Я проклинал себя за то, что не застал ее последний вздох, не мог услышать ее предсмертное слово. А виной всему были наркотики. Как горько сожалел я тогда о том, что так низко пал! Как я корил себя за это! До самого момента омывания покойной я находился в шоке, не обращая никакого внимания на то, что делалось вокруг. Когда же обряд омывания был завершен и меня позвали проститься с ней, я вдруг почему-то заартачился и даже не сдвинулся с места, оставшись стоять внизу, так больше и не увидев никогда самый дорогой мне образ.
Порой в жизни человека бывают такие минуты горя и отчаяния, что он не то что не может контролировать свои поступки, но даже не в силах объяснить некоторые из них. Вот что-то похожее, видно, и было тогда со мной. Меня как бы придавило огромной, неподъемной глыбой.

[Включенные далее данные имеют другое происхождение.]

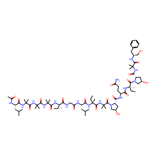 | SMILES | CC[C@@](C)(NC(=O)[C@H](CC(C)C)NC(=O)CNC(=O)[C@@](C)(CC)NC(=O)C(C)(C)NC(=O)C(C)(C)NC(=O)C(C)(C)NC(=O)[C@H](CC(C)C)NC(C)=O)C(=O)NC(C)(C)C(=O)N1C[C@H](O)C[C@H]1C(=O)NC(CCC(N)=O)C(=O)N[C@](C)(CC)C(=O)N1C[C@H](O)C[C@H]1C(=O)NC(C)(C)C(=O)N[C@H](CO)CC1=CC=CC=C1 |
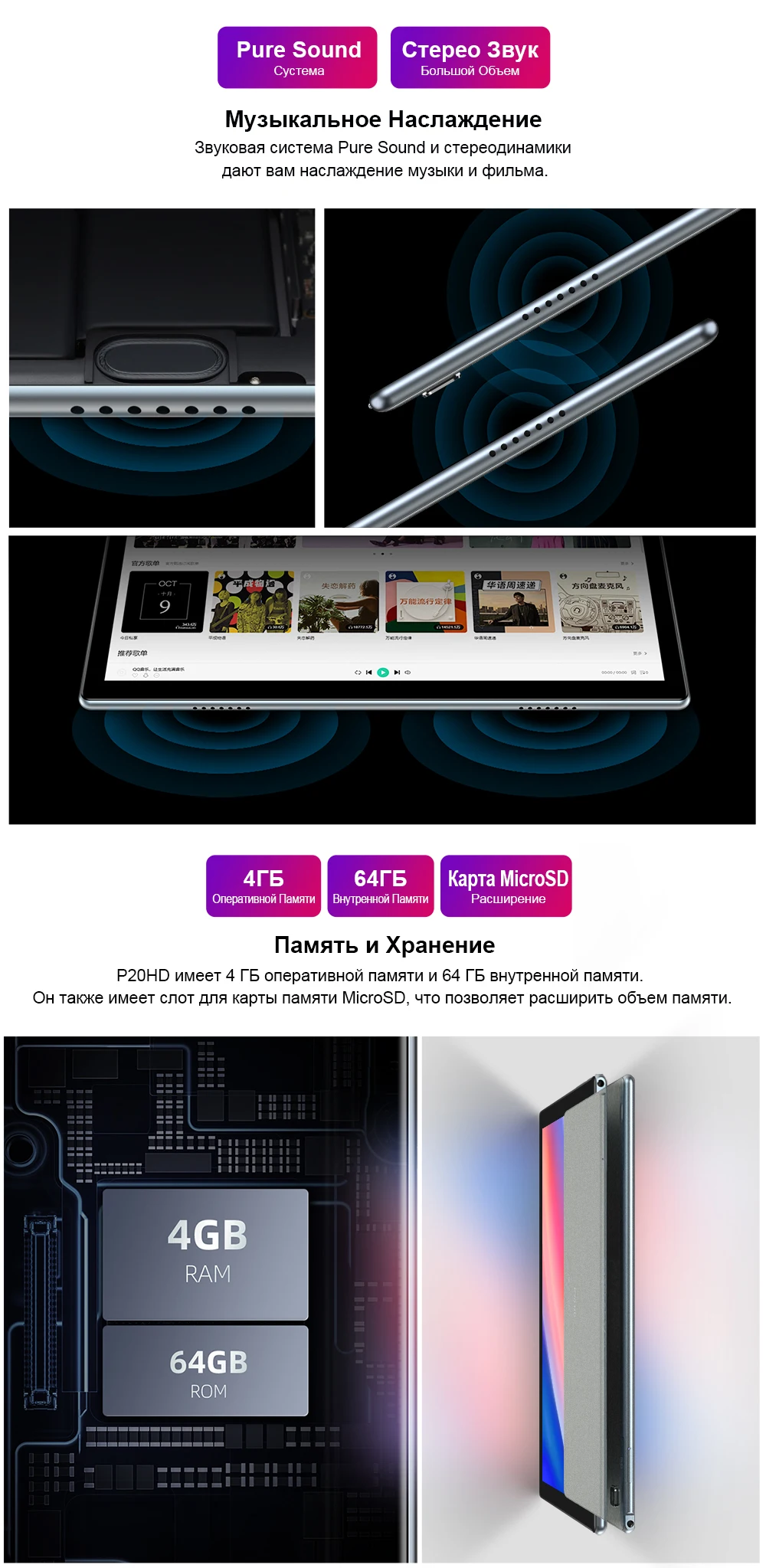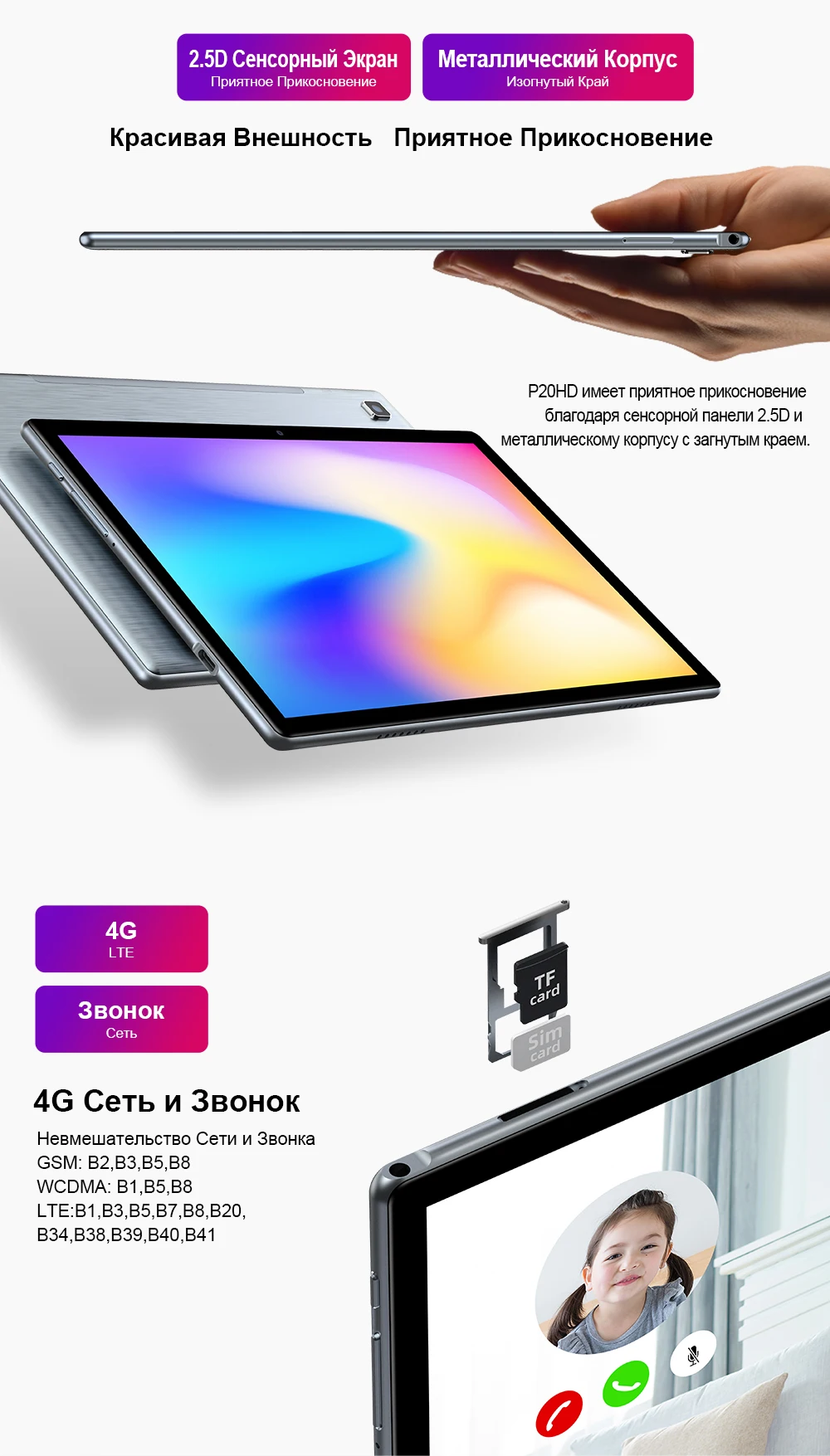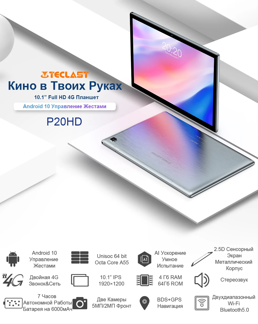 Планшет Teclast P20HD 10,1 дюйма, Android 10, 1920x1200, SC9863A, 8 ядер, 4 ГБ ОЗУ, 64 ГБ ПЗУ, сеть 4G, планшеты с ускорением AI, ПК, двойной Wi-Fi
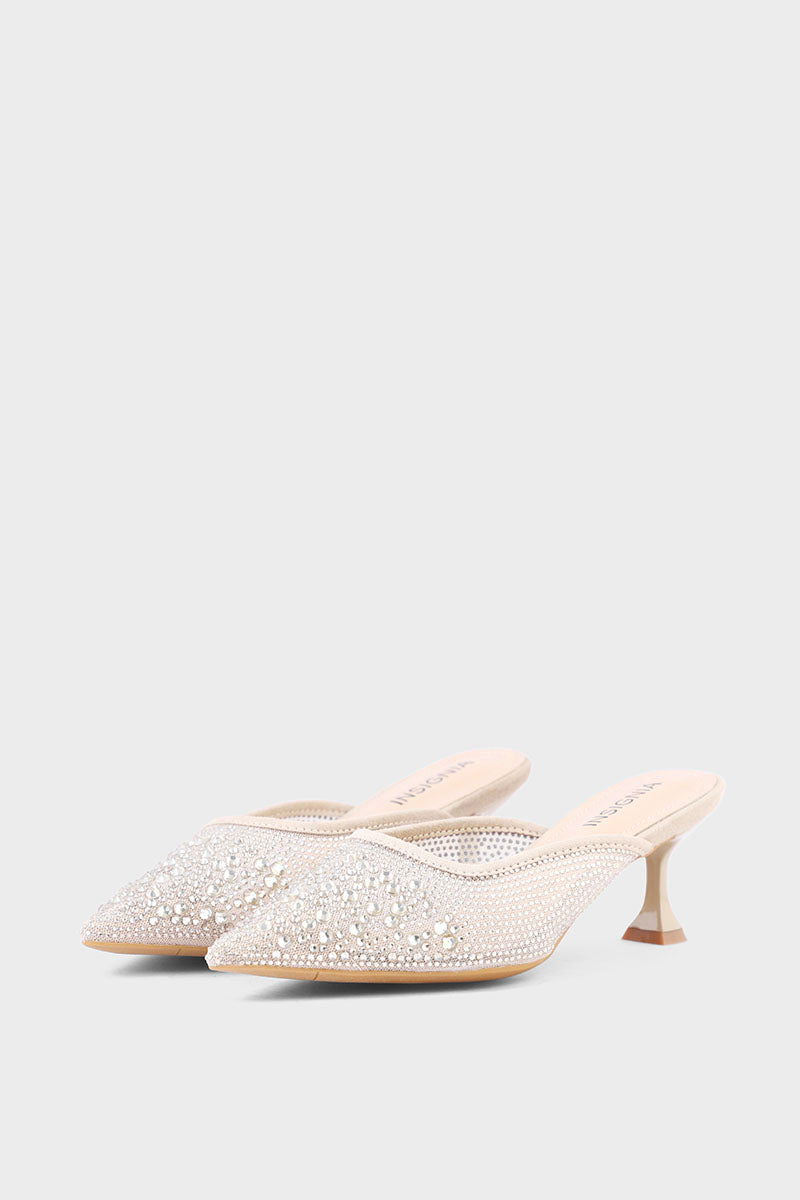 These party wear mules in beige combine comfort with a sophisticated flair, ideal for special occasions.
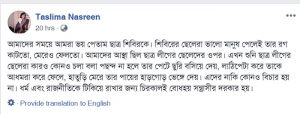 উল্লেখ্য, স্বাধীনতাবিরোধীদের দল জামাতে ইসলামীর ছাত্র সংগঠন ছাত্র শিবির নৃশংসতার জন্য কুখ্যাত হয়ে আছে। তারা প্রতিপক্ষকে নৃশংশ কায়দায় চরম কষ্ট দিয়ে হত্যা করত। স্বাধীনতার পক্ষের সরকারের আমলে এরা গর্তে ঢুকলেও সুযোগ পেলেই এসব অপকর্ম এখনও করে যায়। প্রায় একইরকম আচরণ প্রগতিশীল বলে পরিচিত ছাত্র সংগঠন ছাত্রলীগের কাছ থেকে আশা করেননি তসলিমা।
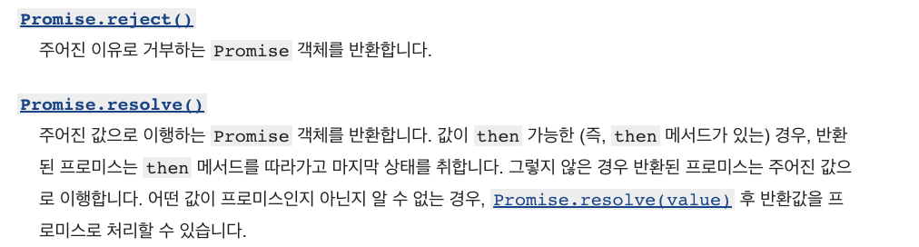단어 그대로 reject는 거부하는 객체 반환이며, resolve는 이행하는 객체를 반환.
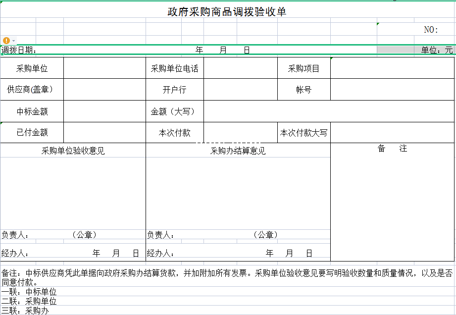 标题:政府采购商品调拨验收单-Excel表格
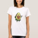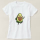 A cheerful cartoon avocado character in a hula dancer outfit. The smiling fruit mascot is wearing a green leaf grass skirt and a vibrant lei made of red and white hibiscus and frangipani flowers while dancing and waving.
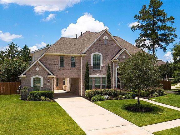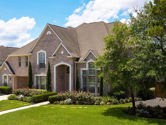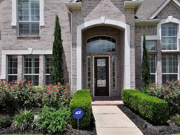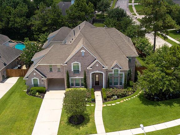 Gorgeous home on an over sized corner lot on quiet street. Incredible mature landscaping with fruit trees and lots of privacy. High ceilings, arched doorways and architectural details. 2 story foyer with dome ceiling and art niches. 2 story Formal Study with wainscoting and double doors. Formal Dining with judges paneling and butlers pantry. Kitchen with island, breakfast bar, stainless appliances, huge pantry, granite counters, warm wood cabinets, and eating area. 2 story Family room with fireplace, built-ins, and curved wall of windows. Master with tray ceiling, curved wall of windows, and en-suite bath with jetted tub, shower w/seat & huge walk-in closet with built-in shelving and cabinetry. 2 staircases. Upstairs are 3 large bedrooms, one w/private bath & 2 share Jack and Jill bath. Additional Game room, Media Room and extra flex room. Plantation shutters, hand-scraped wood flooring and 3 car garage. Outside is slate tile patio & lush landscaped yard with play house. Dry in Harvey!
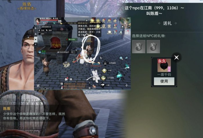 五、拿到盾牌后,来到江南,严州城,看下图饱饱,盾牌给npc后就get外观【一盾千钧】辣。
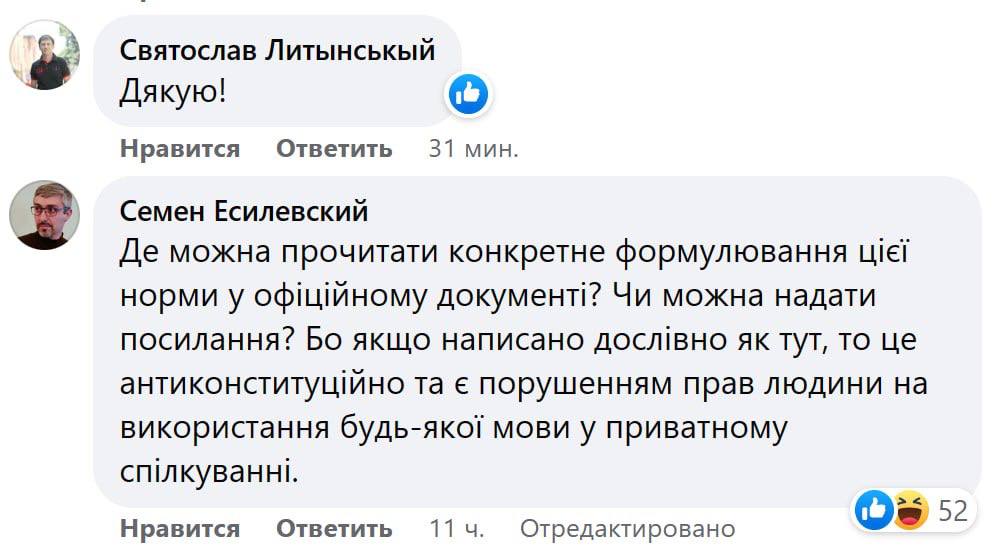 В то же время киевский ученый и блогер Семен Есилевский считает, что запрет частных разговоров на русском является нарушением Конституции: "это антиконституционно и является нарушением прав человека на использование любого языка в частном общении".

Огромное количество людей собралось для того, чтобы отдать последний долг памяти моей покойной матери. Очень многим из них в свое время она спасла жизнь в буквальном смысле этого слова, многих вылечила от разных болезней и недугов. Она могла лечить даже души людей, и это признавали все те, кто обращался к ней с подобными просьбами. Она вообще была прекрасным и удивительным человеком. Люди до сих пор вспоминают ее добрым словом.
Глава 2
Ментовский канкан на гробу
Даже после самой продолжительной ночи всегда наступает рассвет, но только лишь для того, чтобы на землю вновь пала мгла. Прошло ровно десять дней после кончины матери. В этот день, 15 апреля 1986 года мы с приятелями собирались с утра поехать на кладбище заказать камень и немного привести в порядок могилу. После похорон я не был на кладбище ни разу и даже не помнил, где именно погребена мама. Состояние мое в тот день было таково, что впору самому ложиться в могилу. Поэтому помимо всех дел, которые мы собирались произвести там, я должен был еще и запомнить месторасположение могилы матери, как это обычно делается в таких случаях. Мне как будто сердце подсказывало тогда, что надо торопиться, но, к сожалению, этому не суждено было случиться.
В тот момент, когда в комнату тихо и почти незаметно — так, как это могут делать только легавые и воры, — зашел незнакомый мне мужчина, я сидел на диване и пил крепко заваренный чай, а старшая дочь, сидя рядом, причесывала свою маленькую сестренку. Поздоровавшись, он виновато, как гиена, попробовал мне улыбнуться, оскалив свои кривые зубы хищника, но ему это не удалось. Я смотрел на него в упор, уже давно вычислив, что это мусор.
— Чего надо, начальник? — спросил я у него, игнорируя его приветствия. — Видишь, у меня горе, не до тебя сейчас.
— Да нет, что вы, Заур, мы все прекрасно понимаем, поэтому и не вызывали вас к себе, зная, какое у вас горе. Просто у начальника моего есть к вам несколько вопросов, только и всего, и, чтобы не беспокоить вас вызовами в милицию, он сам приехал и просит вас спуститься к нему. Он сейчас сидит в машине, ждет. Если вам нетрудно, Заур, спустись, пожалуйста, вниз.